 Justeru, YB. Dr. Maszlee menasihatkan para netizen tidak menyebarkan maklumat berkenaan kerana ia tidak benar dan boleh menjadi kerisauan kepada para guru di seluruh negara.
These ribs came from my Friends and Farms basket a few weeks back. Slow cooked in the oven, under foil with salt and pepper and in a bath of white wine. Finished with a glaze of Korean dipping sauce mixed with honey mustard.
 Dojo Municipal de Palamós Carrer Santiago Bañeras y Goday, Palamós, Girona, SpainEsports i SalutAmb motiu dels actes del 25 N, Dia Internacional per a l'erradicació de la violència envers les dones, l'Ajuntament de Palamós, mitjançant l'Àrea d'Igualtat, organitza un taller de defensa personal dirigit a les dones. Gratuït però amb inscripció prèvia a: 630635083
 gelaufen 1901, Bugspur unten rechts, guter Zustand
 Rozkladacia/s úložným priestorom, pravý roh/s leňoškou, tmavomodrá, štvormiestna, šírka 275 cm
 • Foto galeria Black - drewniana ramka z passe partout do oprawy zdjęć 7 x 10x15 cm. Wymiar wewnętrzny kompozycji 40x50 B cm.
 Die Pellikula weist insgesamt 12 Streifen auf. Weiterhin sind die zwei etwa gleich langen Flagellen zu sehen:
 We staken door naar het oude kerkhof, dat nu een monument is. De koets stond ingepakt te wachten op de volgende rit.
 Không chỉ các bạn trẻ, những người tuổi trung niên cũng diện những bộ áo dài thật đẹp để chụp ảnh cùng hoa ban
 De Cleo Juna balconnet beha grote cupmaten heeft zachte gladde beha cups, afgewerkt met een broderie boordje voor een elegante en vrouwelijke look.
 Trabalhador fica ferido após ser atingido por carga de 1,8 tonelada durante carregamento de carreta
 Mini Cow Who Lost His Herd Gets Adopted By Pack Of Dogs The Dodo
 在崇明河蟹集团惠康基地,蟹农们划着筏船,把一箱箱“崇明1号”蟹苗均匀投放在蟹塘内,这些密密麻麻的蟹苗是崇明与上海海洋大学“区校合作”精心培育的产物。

§ WHAT NEEDS TO BE DONE
Reproduce exactly the lines from the one with "Mini Cow Who" through the end of the entries above, both ends included.

§ SOLUTION FOR THIS TASK
 Mini Cow Who Lost His Herd Gets Adopted By Pack Of Dogs The Dodo
 在崇明河蟹集团惠康基地,蟹农们划着筏船,把一箱箱“崇明1号”蟹苗均匀投放在蟹塘内,这些密密麻麻的蟹苗是崇明与上海海洋大学“区校合作”精心培育的产物。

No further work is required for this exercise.